Surprise’ documentation: https://surprise.readthedocs.io/en/stable/



## Part 1: Installation

In [None]:
$ pip install numpy
$ pip install scikit-surprise
 
    OR 
    
$ conda install -c conda-forge scikit-surprise

## Part 2: Dataset module

Three built-in datasets are available:

1. The movielens-100k dataset.

2. The movielens-1m dataset.

3. The Jester dataset 2.


In [6]:
from surprise import Dataset

# Load the movielens-100k dataset
data = Dataset.load_builtin('ml-100k')

import pandas as pd
df = pd.DataFrame(data.__dict__['raw_ratings'], columns=['user_id','item_id','rating','timestamp'])
df.head(10)


Unnamed: 0,user_id,item_id,rating,timestamp
0,196,242,3.0,881250949
1,186,302,3.0,891717742
2,22,377,1.0,878887116
3,244,51,2.0,880606923
4,166,346,1.0,886397596
5,298,474,4.0,884182806
6,115,265,2.0,881171488
7,253,465,5.0,891628467
8,305,451,3.0,886324817
9,6,86,3.0,883603013



## Part 3: Prediction_algorithms package

### 1. Basic algorithms:

`NormalPredictor`

NormalPredictor algorithm predicts a random rating based on the distribution of the training set, which is assumed to be normal.
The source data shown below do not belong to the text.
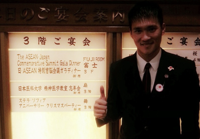 | Công Vinh chụp ảnh bên ngoài đại sảnh, nơi anh được mời tới dự tiệc cùng Thủ tướng Nhật Bản. |
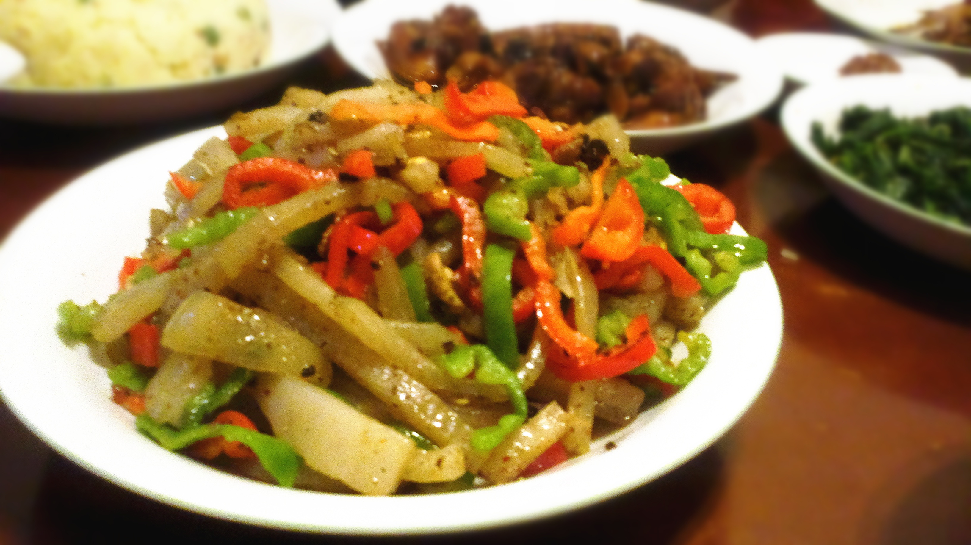此刻心满意足 做过 尖椒炒肉皮 考虑到颜色的搭配,用了两种颜色的椒。由于在麦德龙买的大袋猪皮,没有注意很多猪皮上面盖了彩色的章,所以扔掉了很多……这是一道很香的菜,只是父母担心胆固醇高,所以吃得相对少了一些~另外,用姜和煮一下对去腥味确实很有帮助,加点盐进去一起煮,也同时解决了猪皮不容易入味的问题。炒出来很香。 2013-04-10
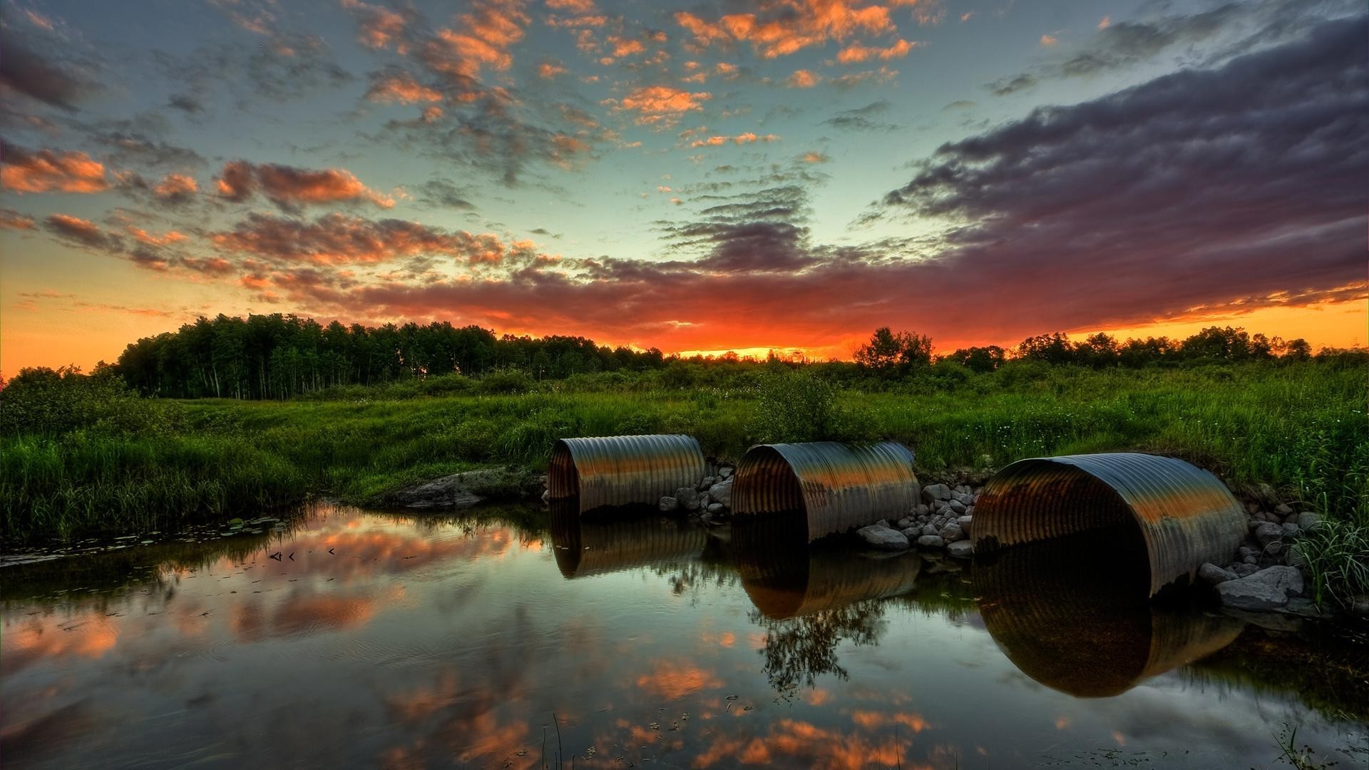 River in the green grass at sunset

This is one of the most basic algorithms that do not do much work.

`BaselineOnly`

BaselineOnly algorithm predicts the baseline estimate for given user and item.

### 2. k-NN algorithms

`KNNBasic`

KNNBasic is a basic collaborative filtering algorithm.

`KNNWithMeans`

KNNWithMeans is basic collaborative filtering algorithm, taking into account the mean ratings of each user.

`KNNWithZScore`

KNNWithZScore is a basic collaborative filtering algorithm, taking into account the z-score normalization of each user.

`KNNBaseline`

KNNBaseline is a basic collaborative filtering algorithm taking into account a baseline rating.

### 3. Matrix Factorization-based algorithms

`SVD`

SVD algorithm is equivalent to Probabilistic Matrix Factorization.

`SVDpp`

The SVDpp algorithm is an extension of SVD that takes into account implicit ratings.

`NMF`

NMF is a collaborative filtering algorithm based on Non-negative Matrix Factorization. It is very similar with SVD.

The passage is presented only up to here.